BRIEF DESCRIPTION OF THE DRAWINGS

Certain features of the subject technology are set forth in the appended claims. However, the accompanying drawings, which are included to provide further understanding, illustrate disclosed aspects and together with the description serve to explain the principles of the subject technology. In the drawings:

FIG. 1 illustrates an example of a common mode choke (CMC) and integrated connector module transformer (ICMt), according to certain aspects of the subject technology.

FIG. 2A illustrates an exploded view of an example of a CMC housing, according to certain aspects.

FIG. 2B illustrates an example of a lower chassis element of a CMC housing, including multiple toroid elements, according to certain aspects of the technology.

FIG. 2C conceptually illustrates an example of the coupling between an upper chassis element and lower chassis element for form a CMC housing, according to certain aspects of the technology.

FIG. 2D conceptually illustrates a cut-away view of an assembled CMC housing, including magnetic elements, according to some aspects of the technology.

FIG. 2E illustrates a side perspective view of a CMC housing, including a plurality of pegs, each including a respective toroid-wire tie off, according to some aspects of the technology.

FIG. 2F illustrates a side illustrates a side perspective view of a CMC housing, including a plurality of pegs (without toroid wires), according to some aspects of the technology.

FIG. 2G illustrates a perspective view of a peg, including a wire cutting mechanism, according to some aspects of the technology.

FIG. 2H provides a cut away view of pegs illustrated by FIG. 2F, according to some aspects of the technology.

FIG. 3A illustrates an example of a perspective view of an integrated connector module (ICM) component, according to some aspects of the subject technology.

FIG. 3B conceptually illustrates an exploded view of an example ICM chassis having multiple wafer portions, according to some aspects of the technology.

FIGS. 3C, 3D, and, 3E illustrate a cut-away view of an ICM, including toroid tie-off pins, according to some aspects of the technology.

FIG. 4A illustrates an example of a dual-layer printed circuit board (PCB) according to some aspects of the technology.

FIG. 4B illustrates an example of a single-layer PCB, according to some aspects of the technology.

FIG. 5 illustrates an example of Ethernet channel routing on a PCB, according to some aspects of the technology.

FIG. 6 illustrates an ICM grounding configuration which utilizes case contact pins and PCB contact pins, according to certain aspects of the technology.

DETAILED DESCRIPTION

The detailed description set forth below is intended as a description of various configurations of the subject technology and is not intended to represent the only configurations in which the subject technology can be practiced.
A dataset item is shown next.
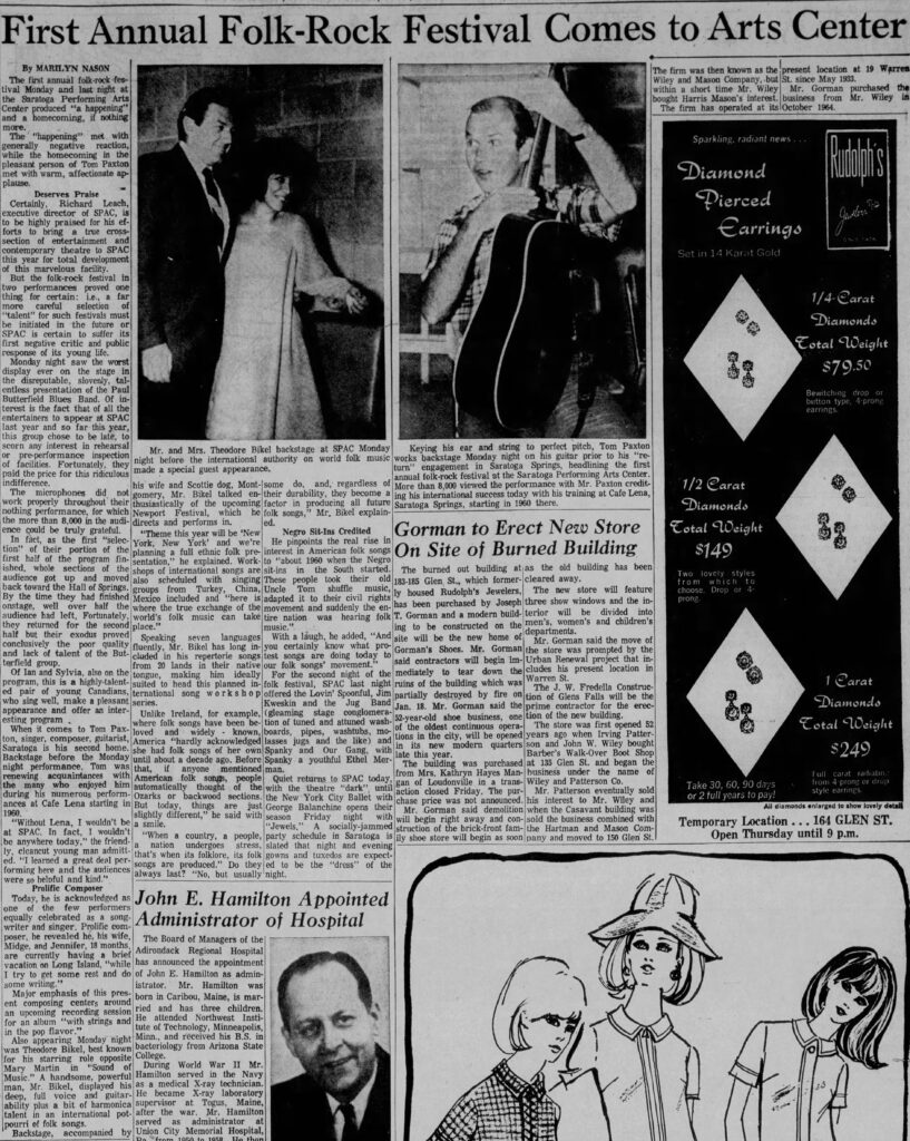 Ian & Sylvia, Jim Kweskin, Lovin' Spoonful, Marilyn Nason, Paul Butterfield, Post-Star, Saratoga Performing Arts Center, Spanky and Our Gang, Theodore Bikel, Tom Paxton

The appended drawings are incorporated herein and constitute a part of the detailed description. The detailed description includes specific details for the purpose of providing a more thorough understanding of the subject technology. However, it will be clear and apparent that the subject technology is not limited to the specific details set forth herein and may be practiced without these details. In some instances, structures and components are shown in block diagram form in order to avoid obscuring the concepts of the subject technology.

FIG. 1A illustrates an example of a CMC/ICM configuration in which CMC 110 and ICM 120 are provided as separate component parts. Specifically, FIG. 1 depicts CMC 110 and ICM 120 as physically separated, but electrically coupled via printed circuit board (PCB) 130.

As shown in FIG. 1A, ICM 120 also includes EMI fingers 121A and 121B that are positioned to provide contact between ICM 120 and a surrounding enclosure or EMI shield (not shown). By providing an electrical contact to a surrounding enclosure, EMI fingers 121A and 121B provide a ground signal path from ICM 120 into an external ground, decreasing the likelihood that EMI will affect ICM or system performance. To this end, ICM 120 also includes ground pin 122 and EMI finger 123, which both provide an electrical connection to the circuit ground of PCB 130. The relatively forward position of EMI finger 123 can help to dissipate stray electrical signals before they reach other components (or ground pin 122). The addition of EMI fingers (such as EMI finger 123) to ICM 120 helps reduce the need for electrical shielding (e.g., faraday shielding) that is conventionally used to enclose side, top and back portions of ICM 120.

As discussed in further detail below, the physical separation of CMC 110 and ICM 120 is instrumental in realizing design advantages for each respective component.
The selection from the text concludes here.